The model (i.e., function to be machine-learnt) may use registered multimodal data without any additional annotation or ground truth. If the data is not registered, this can be done during the preprocessing using existing methods, for example mutual information registration or DRMIME optimization as discussed below.

The proposed methods provide, in examples, a way of merging medical images of different modalities in a joint latent representation, and translating images from one or several modalities to another.
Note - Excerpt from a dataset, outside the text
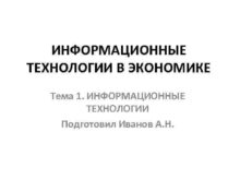 ИНФОРМАЦИОННЫЕ ТЕХНОЛОГИИ В ЭКОНОМИКЕ Тема 1 ИНФОРМАЦИОННЫЕ ТЕХНОЛОГИИ

Advantages of the solution in such examples are the followings:

- A joint representation is learnt from several images of different modalities using a single fusion network, there is no constraint on the number of images or order of fusion.
- Unlike classical image fusion technologies, the proposed solution does not require ad-hoc fusion rule design and is easily generalizable to a wide range of modalities.
- Unlike image fusion methods that only focus on the fused image quality, the proposed solution allows reconstructing the images of original modalities, which is useful for translation from complementary images to a missing modality.
- Unlike image translation methods that focus on style transfer or direct translation of images, the proposed solution provides a latent representation that aggregates the information of multiple images into a unique view.
- Unlike the CycleGAN model described in the paper by Zhu, J.-Y., Park, T., Isola, P., & Efros, A. A. (2020). Unpaired Image-to-Image Translation using Cycle-Consistent Adversarial Networks (arXiv:1703.10593), which is incorporated herein by reference, that can generate artifacts in image translation due to the lack of semantics in the data, the proposed solution relies on the fused image for translation in order to rely on the available information from other modalities.

Data Preparation

In order to learn a joint latent representation of multimodal medical images, the machine-learning method may obtain at S10 a dataset of 2D or 3D medical images of different modalities. Images may be grouped by patient and aligned so that the anatomical regions visible in the different images match when images are superposed.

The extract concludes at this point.